La desmaterialización y la carnavalización, dos mecanismos de escritura que pueden ser contradictorios en apariencia, se complementan en Los cautivos para enfatizar el proceso en el que se desmitifica la figura del héroe. Como afirman Peter Stallybrass y Allon White “sublimation is inseparable from strategies of cultural domination; [it is] the main mechanism whereby a group or class or individual bids for symbolic superiority over others” (197). De todo el repertorio de próceres que conforman el panteón nacional argentino, Esteban Echeverría es el único que no tiene una tumba que resguarde sus restos mortales. Esa “irreversible disipación corporal” (Laera y Kohan 25), es la que en gran medida define y promueve su estatus de ídolo en la Historia de la Argentina. Kohan reproduce el paradigma que favorece la transfiguración del padre de la patria extremándolo hasta agotarlo por completo. El Echeverría de Los cautivos evoca al célebre poeta nacional; ese “escritor incomprendido” a quien pertenecen dos de los más grandes “clásicos literarios”. La gloriosa figura también se desmaterializa en la narrativa kohaniana. El dueño de Los Talas está presente pero a la vez ausente en la historia. Su presencia se percibe a través del texto sin que ésta llegue a concretarse. Esteban Echeverría se muestra en la novela como la fe en un creyente. Aunque el sistema axiológico e ideológico echeverriano se filtra como una vertiente sustanciosa en el desarrollo narrativo, la presencia material del prócer se borra en el relato. Su manifestación física se limita a una “silueta en movimiento [que] cada tanto iba o venía, pero la mayor parte del tiempo se quedaba quieto, sentado frente a un escritorio, dejando que la cabeza reposara sobre la mano izquierda” (42). La disipación progresiva del emblemático protagonista, reducido a una sombra que se deshace tras las cortinas de Los Talas, causa gran conmoción entre los campesinos de la estancia quienes “empiez[an] a pensar que con esa prescindencia les está […] manifestando un gran enojo” (43). La “saturación de la mismidad” (Kohan, “Nación y modernización en la Argentina 168) en Los cautivos neutraliza el efecto sublimador con que se da a conocer la imagen del ícono argentino a través del discurso oficial.
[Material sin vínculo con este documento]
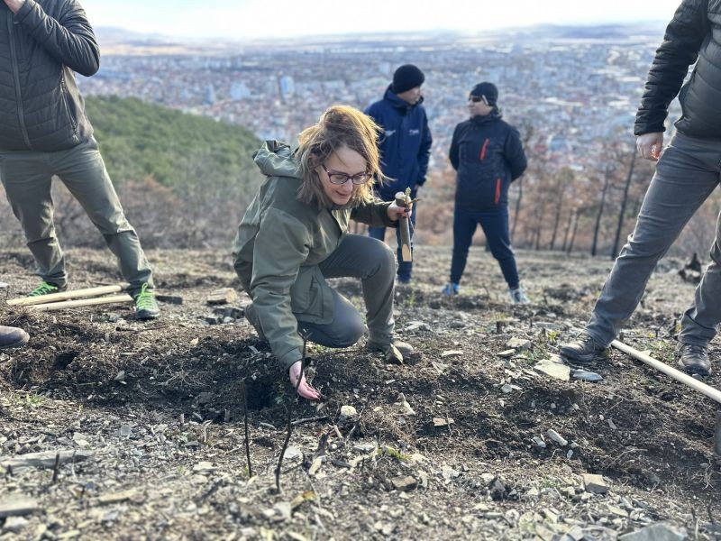 ВЪПРЕКИ СИЛНИЯ ВЯТЪР, МНОГО ХОРА СЕ ВКЛЮЧИХА В АКЦИЯТА ПО ЗАЛЕСЯВАНЕ НА БАРМУК БАИР В СЛИВЕН

Tal y como define Mikhail Bakhtin, el carnaval es “[ a] temporary liberation from the prevailing truth and from the established order; [...] the suspension of all hierarchical rank, privileges, norms and prohibitions [...] the feast of becoming, change and renewal [...] hostile to all that was immortalized and complete” (10). El exceso llevado al límite del absurdo propicia en Los cautivos un ambiente carnavalesco en el que se quebranta la perspectiva monumental que petrifica la imagen del ilustre protagonista. El Echeverría de “Tierra adentro” es un hombre de carne y hueso que se deja guiar por el “instinto animal de sus calenturas” (38). Las incesantes ceremonias de apareamiento que protagoniza con Luciana en la intimidad de Los Talas alimentan no sólo los deseos incestuosos de Maure, sino que incitan al desenfreno sexual al resto de la gauchada. La fuerte connotación erótica del relato desmitifica la figura del personaje histórico reduciéndola al punto de la caricaturización. Inspirados por el prócer, los habitantes de la pampa dan rienda suelta a su lujuria: “subidos unos sobre otros, o bien vueltos, con ademán ensimismado sobre sus propias partes, todos acababan dichosos y conformes, disfrutando de es[e] período de tanta felicidad (66)”. La estampa del espectro fornicador defrauda inclusive al lector de las “Narrativas históricas” de la Editorial Sudamericana (7), quien espera una representación más activa –en el sentido político e histórico- del “insigne personaje.”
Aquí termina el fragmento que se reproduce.